**SUPPLIED DATA:**

◇ ◇ ◇ ◇

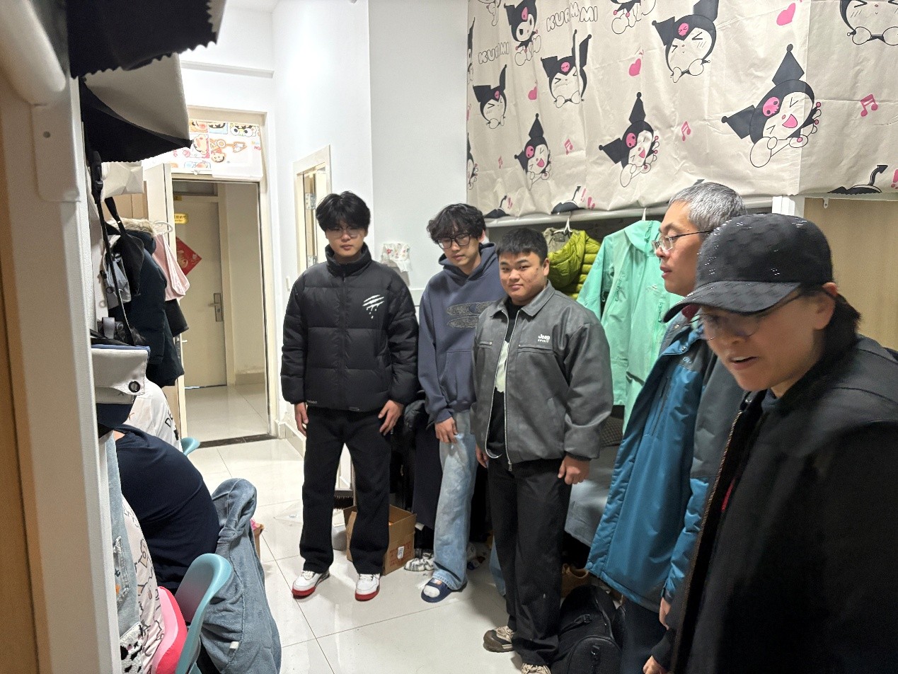 走访过程中,老师们深入每间宿舍,重点排查违规使用大功率电器、私拉乱接电线、插排超负荷运行等用电安全隐患,细致检查阳台、书桌等处易燃杂物堆放情况及消防通道畅通状态。老师们对照安全标准逐项核查,对发现的问题现场记录、帮助同学们整改,确保隐患动态清零。同时,老师们结合真实安全案例,向同学们重申“人走电断、门窗锁好”的安全准则,普及消防安全、防盗窃、防诈骗等常识,引导学生提高自我防范意识,自觉遵守学校宿舍管理规定。副院长王建化还特别关心同学们寒假安排,引导同学们利用寒假时间积极参加社会实践,提升自身技能。
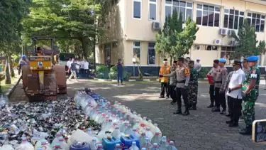 Purwokerto, tvOnenews.com - Kepolisian Resor Kota (Polresta) Banyumas, Jawa Tengah, memusnahkan minuman beralkohol hasil operasi penyakit masyarakat (Pekat).
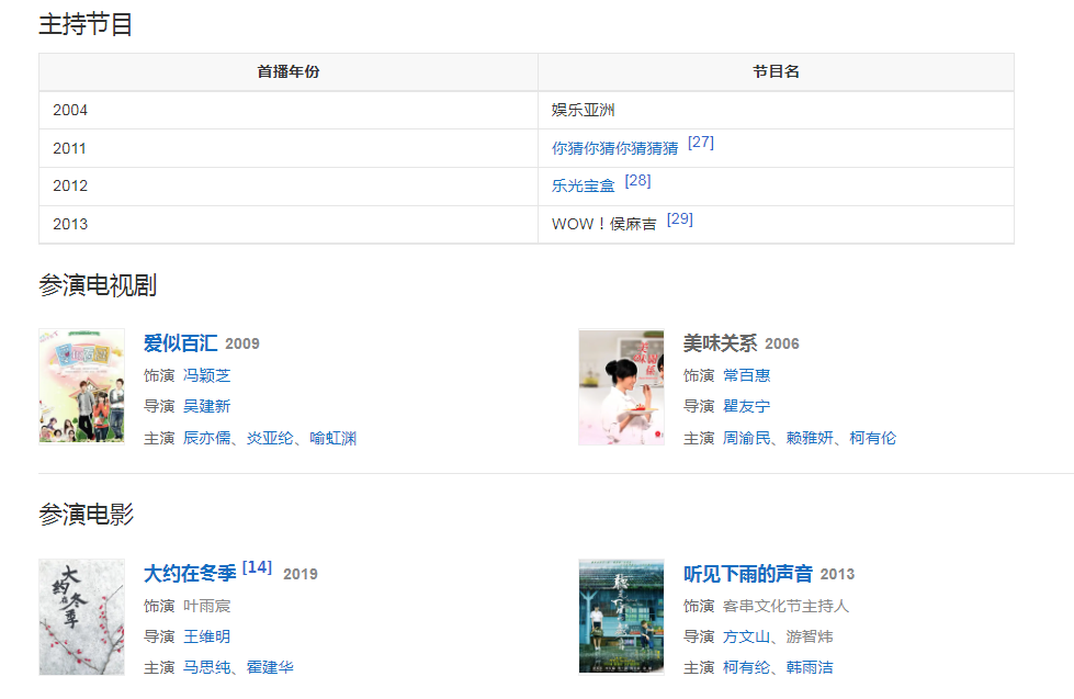 2004年,侯佩岑憑主播新聞成名,隨后成為東風(fēng)衛(wèi)視節(jié)目《娛樂亞洲》的主持人。

◇ ◇ ◇ ◇

**DESCRIPTION OF THE TASK:**
Using the listing above, copy exactly the lines from the one that contains "Purwokerto, tvOnenews.com - Kepolisian" through its last line, both included, but not the pictures.

**COMPLETED TASK:**
 Purwokerto, tvOnenews.com - Kepolisian Resor Kota (Polresta) Banyumas, Jawa Tengah, memusnahkan minuman beralkohol hasil operasi penyakit masyarakat (Pekat).
 2004年,侯佩岑憑主播新聞成名,隨后成為東風(fēng)衛(wèi)視節(jié)目《娛樂亞洲》的主持人。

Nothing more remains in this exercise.